William Keil (March 6, 1812 – December 30, 1877) was the founder of 19th-century communal religious societies in Bethel, Missouri, and Aurora Colony in Oregon.

Influenced by German Lutheranism, pietism, and revival Methodism, Keil's theology was based on the principle of the Golden Rule as well as the view that people should try to share all with others by living communally (Acts 4:32-37).

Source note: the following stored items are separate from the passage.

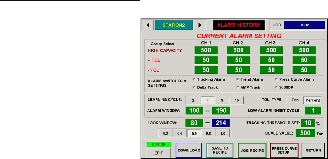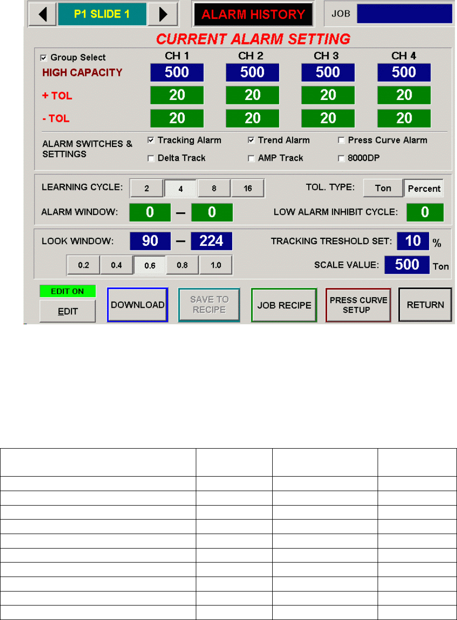 - LOW TOL Low tolerance setting value in ton or percent for th
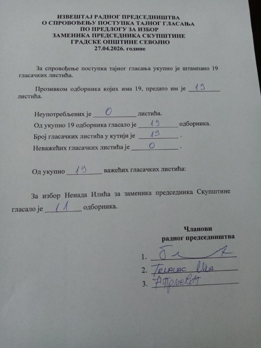 Na prvoj konstitutivnoj sednici SO Sevojno, sasvim očekivano, za izbor "vučićevskog" kandidata za predsednika opštine glasali su svi naprednjaci i Stamatovićev odbornik - rezultat je, dakle, bio: 10:9.
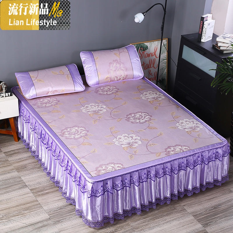 凉席冰丝席床裙两/三件套可拆洗新款蕾丝夏季可水洗折叠空调席子三维工匠 1.8*2.2m床 佳期如梦紫【床裙款】¥317.00热销中 -
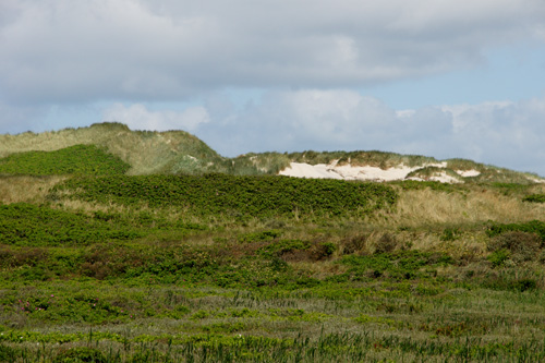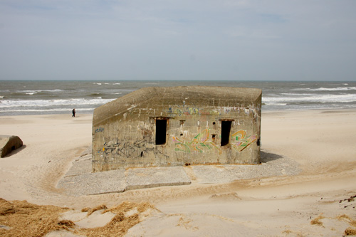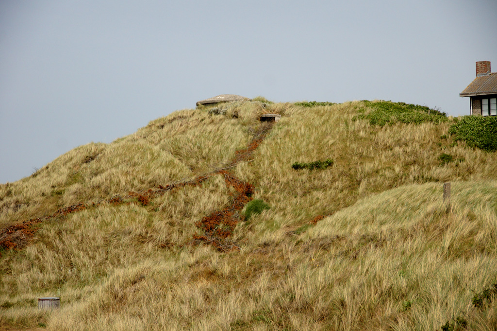 | Die Sanddüne neben dem am höchsten gelegenen Haus sieht auf den ersten Blick aus wie eine ganz normale Sanddüne. Bei genauerem Hinsehen erkennt man, dass die Düne eigentlich keine Düne, sondern ein perfekt getarnter Bunker ist... | |||||
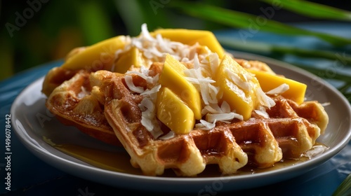 Delicious belgian waffles topped with mango slices and shredded coconut for a tropical breakfast
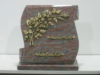 | plaque sur base arrondie Plaque sur base arrondie avec dépoli blanc et motif bronze "blé et maïs"
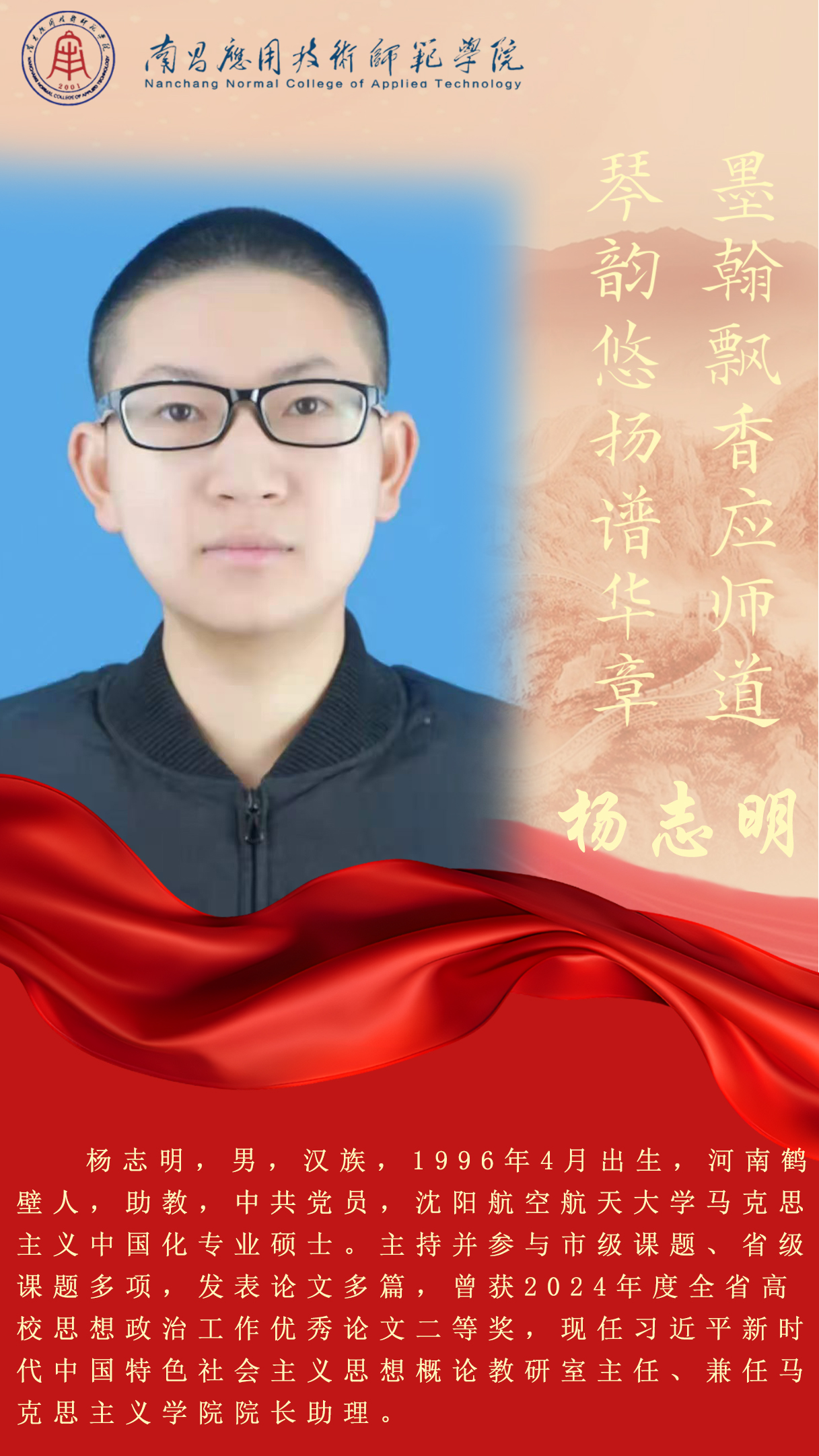 先进典型 优秀毕业生 优秀在校生 优秀教职工 您现在的位置是:首页 > 先进典型 > 优秀教职工 杨志明 习近平新时代中国特色社会主义思想概论系主任 管理员2025-06-091989 下一篇 李婷 思想政治教育公共课系主任
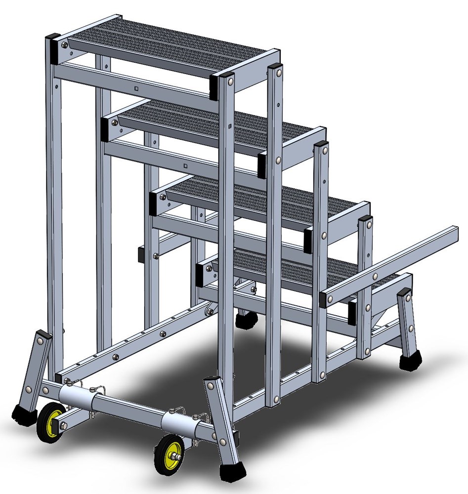 Sgabello Industriale avvitato con gradini larghi e personalizzabile con diversi accessori optional
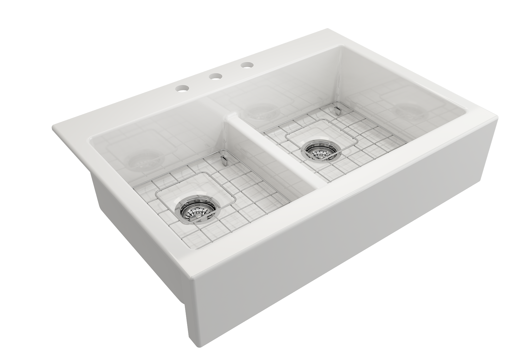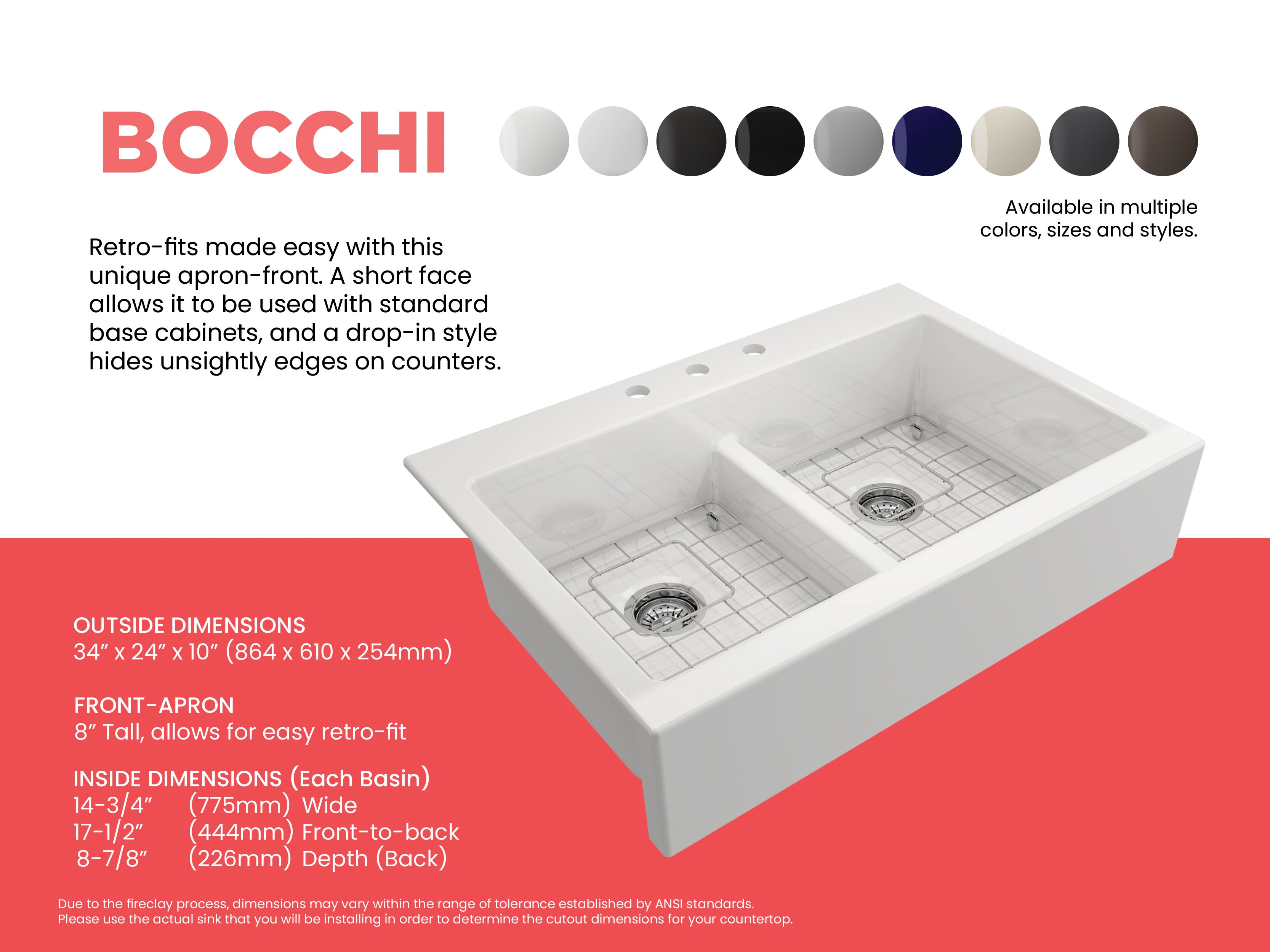 Thanks to a specialized glaze fused directly to the fireclay body, these sinks feature a non-porous, uniform surface that resists scratches, stains, and everyday wear. Complete with a protective bottom grid and a distinctive apron-front design, BOCCHI Farmhouse Sinks are thoughtfully crafted to meet both your aesthetic vision and functional needs.
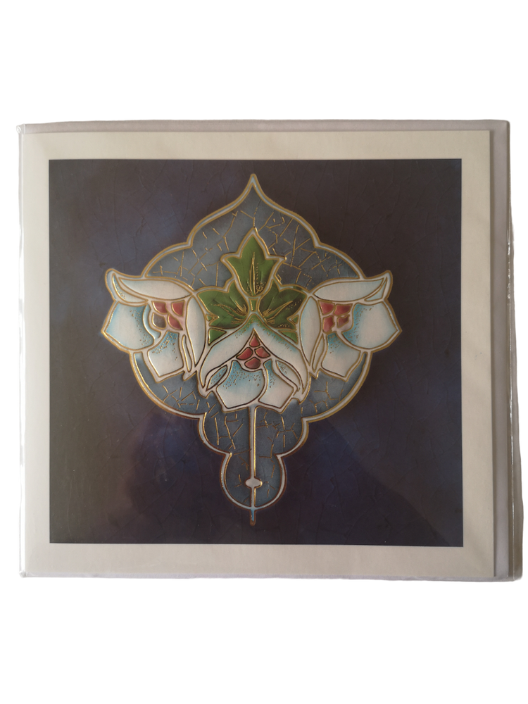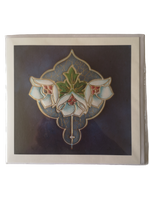 A machine impressed tile in low relief decorated in translucent white, turquoise, red and green glazes on a deep turqoiuse ground. Early 20th Century.
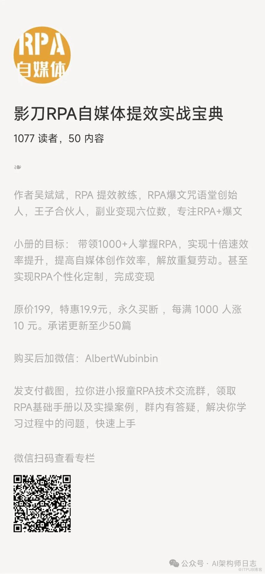 大家好,我是吴。 本公众号专注于分享RPA技术、AI技术、AI工具、AI前沿知识、AI变现等内容。感谢您的阅读,关注我一起成长进步。
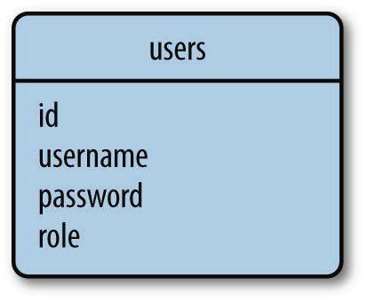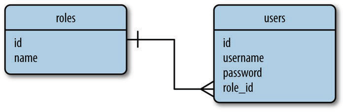在这个数据库关系图中,roles表存储所有可用的用户角色,每个角色都使用一个唯一的id值(即表的主键)进行标识。users表包含用户列表,每个用户也有唯一的id值。除了id主键之外,roles表中还有name列,users表中还有username列和password列。users表中的role_id列是外键,引用角色的id,通过这种方式为每个指定角色。
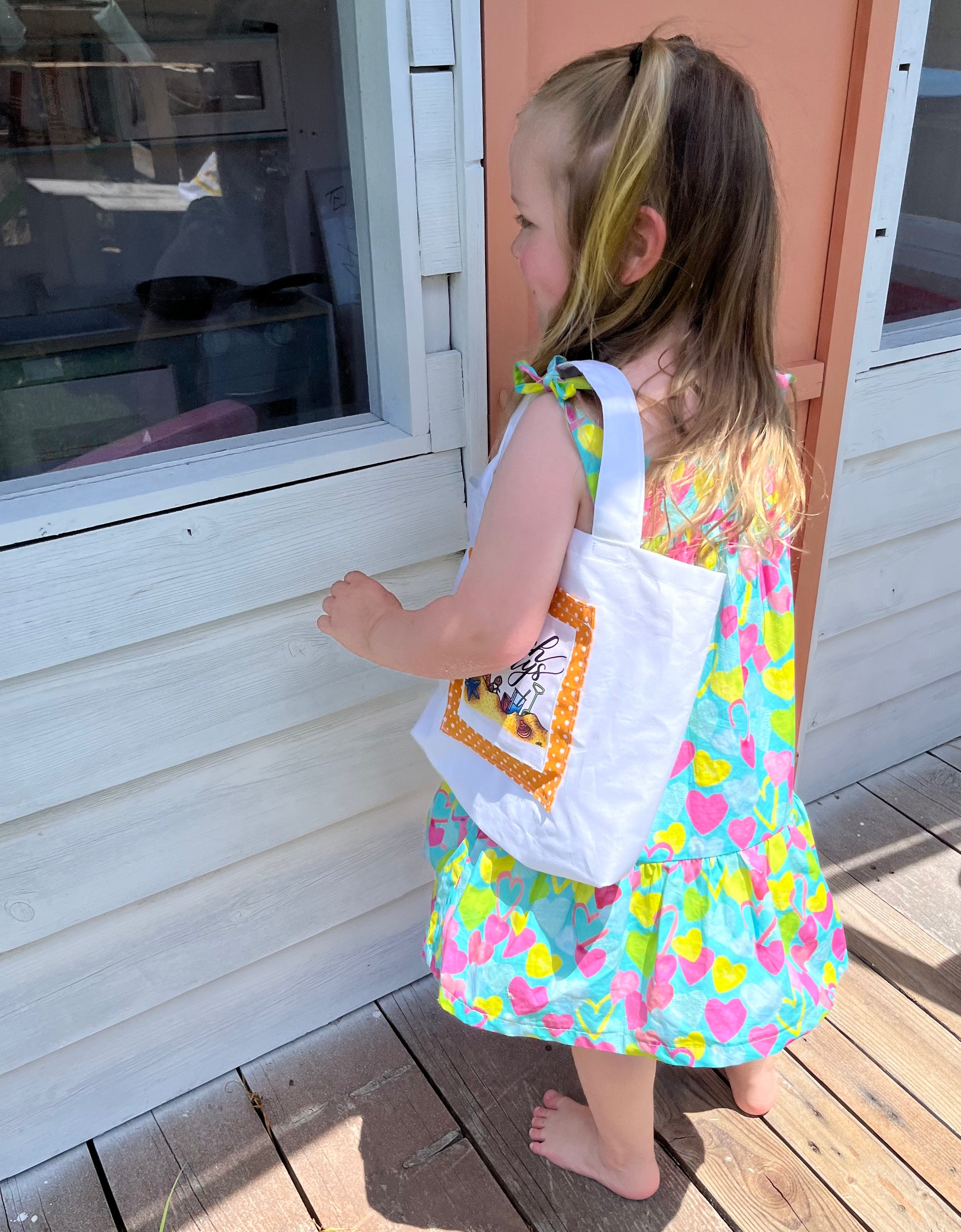 These tote bags are made of polyester cotton. They wash well and are light and easy for little ones to carry!

Keil was born in Prussia March 6, 1812, and raised by German Lutheran parents. He emigrated to the United States as a young man—apparently after receiving a mystic text from a gypsy. Initially he settled in New York and worked as a tailor, his family trade. Within a year, he and his wife, also German, moved to western Pennsylvania, where Keil gained a reputation as a mystic and healer. By 1837, he had opened a drugstore in Pittsburgh, Pennsylvania. Keil soon heard about a group of former Harmony Society members who had left that communal group, and had moved to Phillipsburg (now Monaca, Pennsylvania), where they had tried to form the New Philadelphia Society. When Keil contacted the families in the early 1840s, he impressed some of them, and they suggested he form a communal society. As former members of such a society, they provided invaluable practical assistance to its founding and maintenance.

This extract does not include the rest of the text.